* **EXERCISE MATERIAL**:
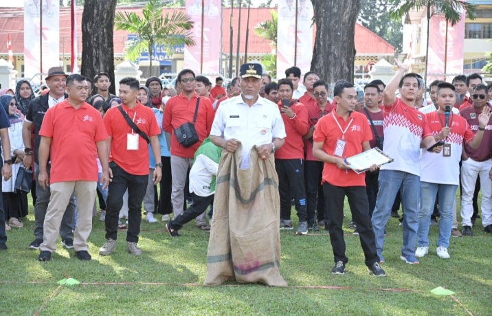 Gubernur Mahyeldi Buka Lomba Melukis Tong Sampah dan Ikuti Pacu Karung  Meriahkan HUT Kemerdekaan RI Ke-78
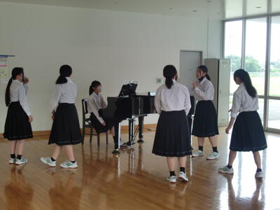 今日から校内合唱コンクール前の練習強化期間に入りました。朝、校舎の至る所から生徒たちの歌声が聞こえてきました。パートごとに練習しているクラス、すでに全員で歌声を合せているクラスと、様子は様々です。1年生は、中学校での合唱コンクールは初めてなので、音楽担当教員が巡回し、声掛けを行っています。
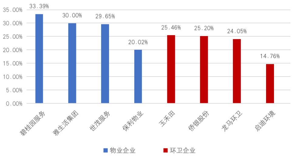 2021年上半年典型物企、環衛企業毛利率水平(%)
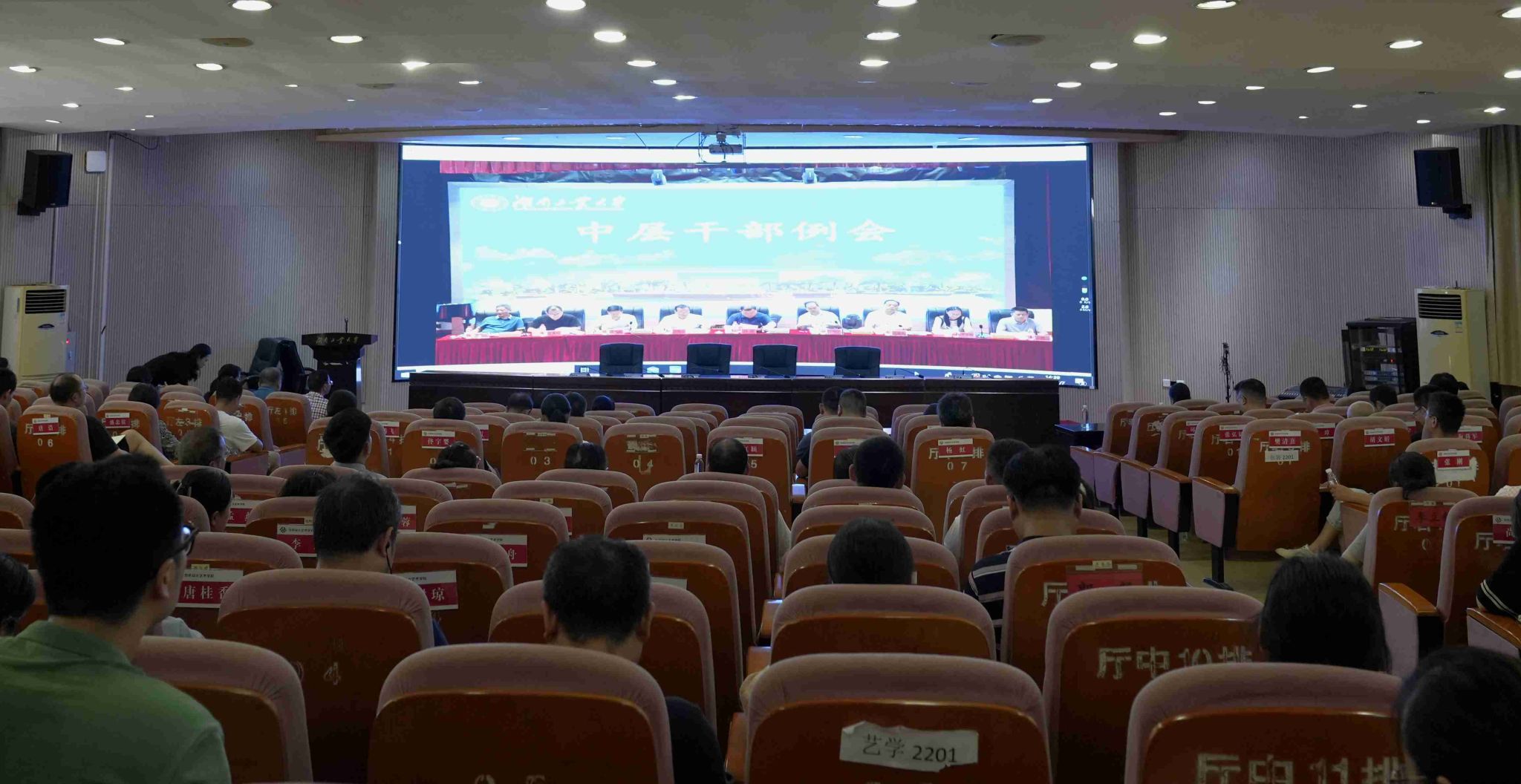 全校处级干部在崇乐楼音乐厅主会场参加会议,科级干部在崇美楼129报告厅分会场参加会议。
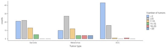 In the literature, preventive measures are described for certain tumor types, and a few participants in this study appear to advise them accordingly [,,,,,,]. However, given the very low percentage of clinicians who reported advising these measures (21.3% for sarcoids and 11.5% for SCC), there appears to be a need for greater education and awareness regarding these preventive approaches.
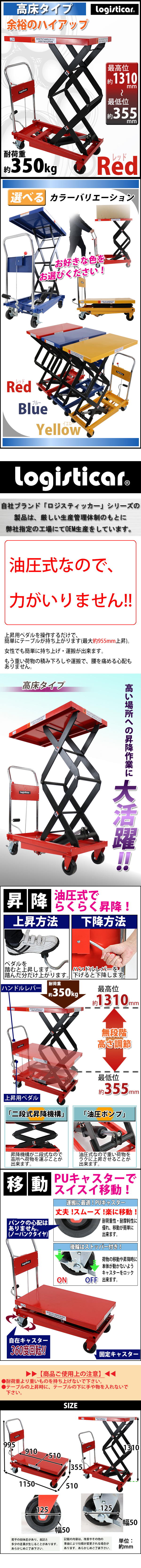 | 商品名 | 送料無料 油圧式昇降台車 リフトカート テーブルカート ハンドリフター 高床タイプ 赤 最高位約1310mm 耐荷重約350kg 昇降台 油圧リフト 油圧台車 テーブルリフト リフティングテーブル 二段式 高揚程 ハイアップ 運搬台車 油圧 台車 レッド liftdaishasy35sr |
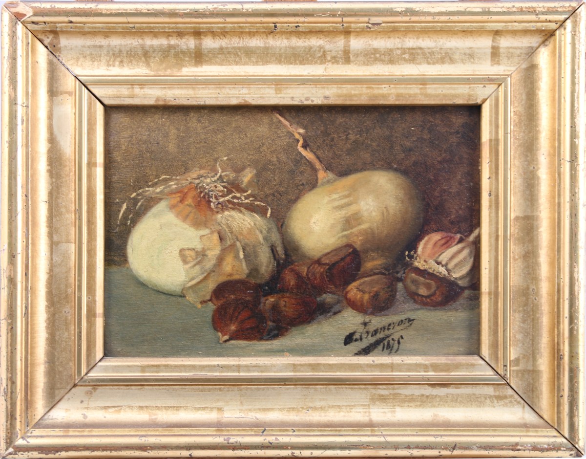 Nature morte aux oignons, chataignes et ail.
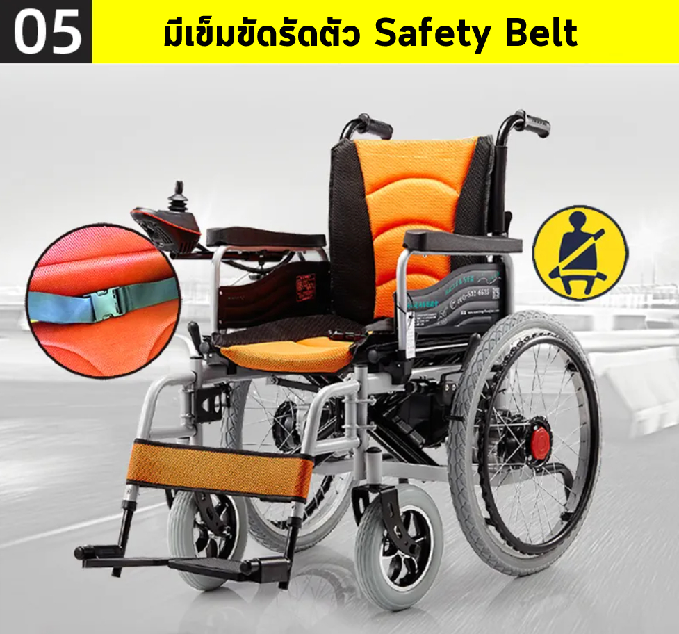 รถเข็นวีลแชร์ไฟฟ้า ผู้สูงอายุ แบบพับได้ รุ่น EW-07 (สีส้ม)
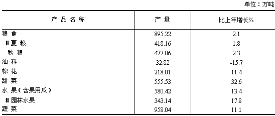全年農林牧漁業(yè)總產值883.54億元,比上年增長7.5%。其中,農業(yè)產值638.60億元,增長7.7%;林業(yè)產值17.20億元,增長6.5%;畜牧業(yè)產值189.07億元,增長7.8%;漁業(yè)產值4.69億元,增長5.3%;農林牧漁服務業(yè)產值33.98億元,增長4.9%。 全年農作物種植面積382.83萬公頃(5742.50萬畝)。其中,糧食種植面積146.58萬公頃(2198.63萬畝),下降0.4%;棉花種植面積128.66萬公頃(1929.83萬畝),增長11.1%;油料種植面積15.17萬公頃(227.60萬畝),下降18.2%;糖料種植面積9.44萬公頃(141.60萬畝),增長35.1%;蔬菜種植面積18.68萬公頃(280.23萬畝),增長5.8%;瓜果類種植面積7.40萬公頃(111.03萬畝),增長4.9%。 全年糧食產量895.22萬噸,比上年增長2.1%;棉花產量218.01萬噸,增長11.4%;油料產量32.82萬噸,下降15.7%;甜菜產量555.53萬噸,增長32.6%。
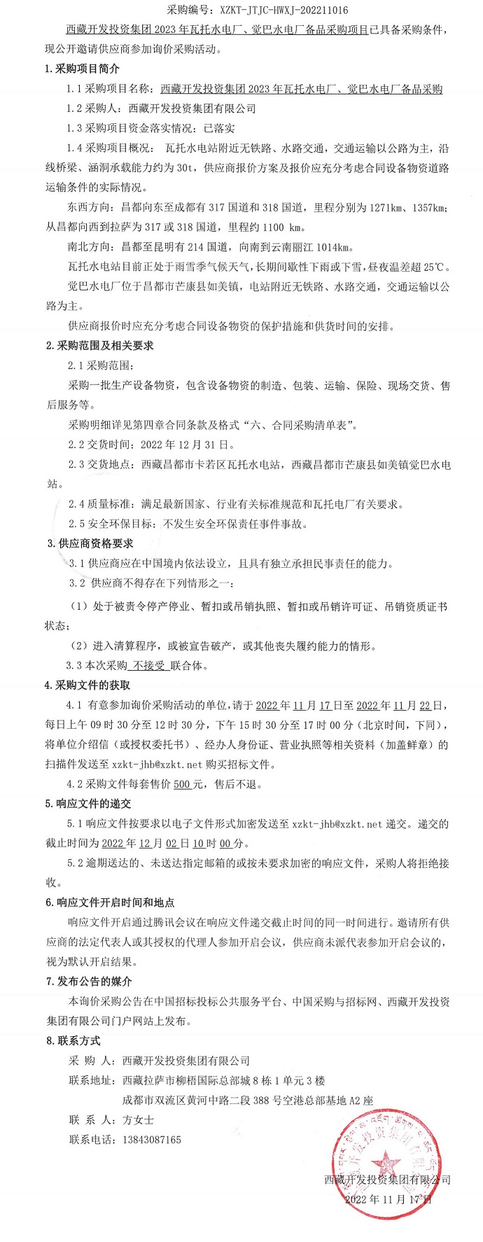 西藏開發(fā)投資集團2023年瓦托水電廠、覺巴電廠備品采購公告
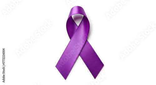 A single purple awareness ribbon sits against white, looping into a gentle knot. People unite here
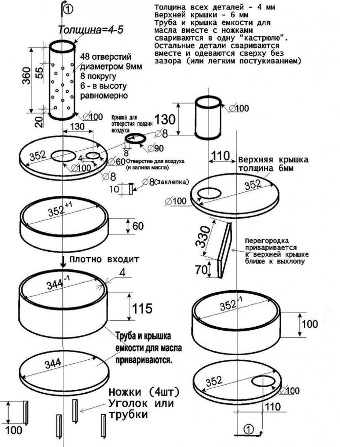 - Părțile compartimentului superior sunt sudate dintr-o țeavă cu un diametru de 352 mm și o înălțime de 100 mm. Fundul este sudat dintr-o tablă de oțel, în care este prevăzută o gaură pentru o țeavă perforată.
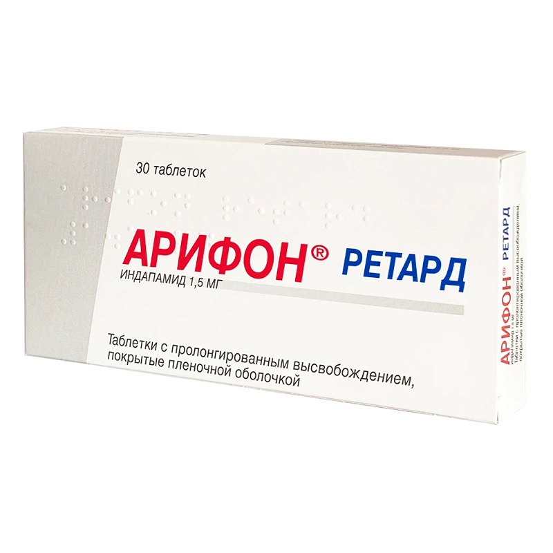 Инструкция по применению Арифон Ретард 1,5 мг таблетки с пролонгированным высвобождением 30 шт
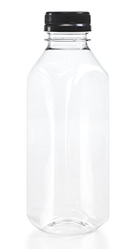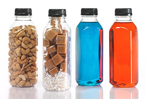 (8) 16 oz. Clear Food Grade Plastic Juice Bottles with Tamper Evident Caps (Square) 8/pack (16oz Plain)

* **TASK**: From the opening line of the entries, copy each line exactly until the line with "2021年上半年典型物企、環衛企業毛利率水平(%)", which is copied as well; leave out pictures.

* **REPLY**:
 Gubernur Mahyeldi Buka Lomba Melukis Tong Sampah dan Ikuti Pacu Karung  Meriahkan HUT Kemerdekaan RI Ke-78
 今日から校内合唱コンクール前の練習強化期間に入りました。朝、校舎の至る所から生徒たちの歌声が聞こえてきました。パートごとに練習しているクラス、すでに全員で歌声を合せているクラスと、様子は様々です。1年生は、中学校での合唱コンクールは初めてなので、音楽担当教員が巡回し、声掛けを行っています。
 2021年上半年典型物企、環衛企業毛利率水平(%)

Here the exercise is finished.